### Exercise requirements
Could you transcribe exactly the lines from the one containing "Written-By – A." through the end of the listing below, both included, but none of the pictures?

### Data provided
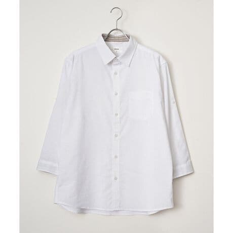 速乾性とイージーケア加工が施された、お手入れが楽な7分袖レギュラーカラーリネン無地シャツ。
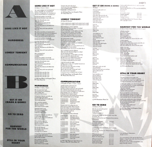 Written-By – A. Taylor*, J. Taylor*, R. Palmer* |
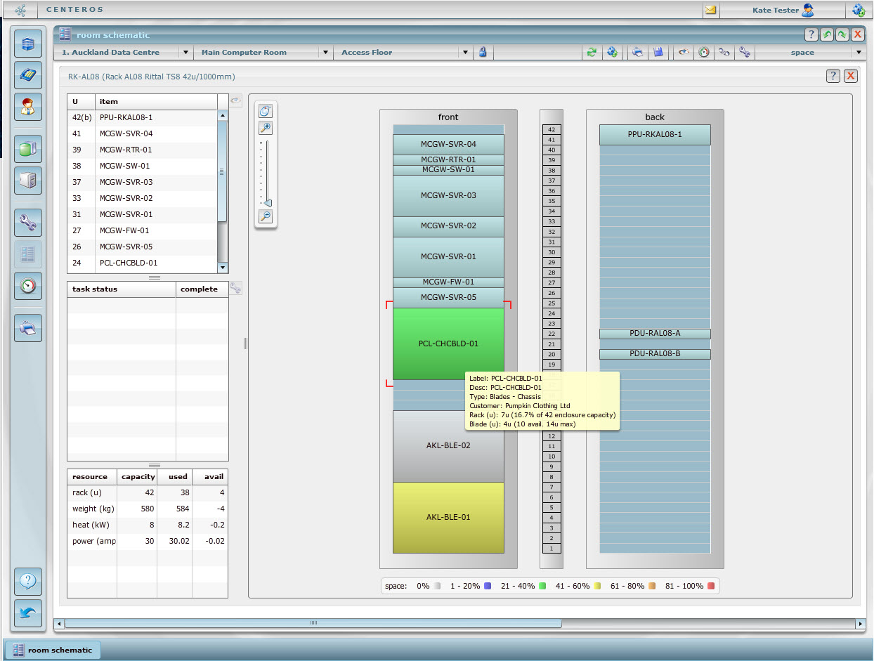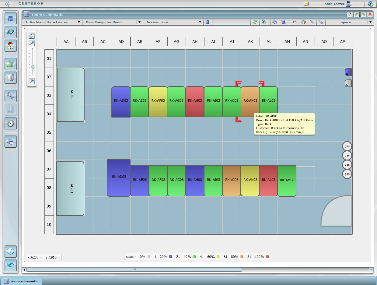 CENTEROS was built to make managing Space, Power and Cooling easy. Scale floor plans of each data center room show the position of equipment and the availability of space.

### Task answer
 Written-By – A. Taylor*, J. Taylor*, R. Palmer* |
 CENTEROS was built to make managing Space, Power and Cooling easy. Scale floor plans of each data center room show the position of equipment and the availability of space.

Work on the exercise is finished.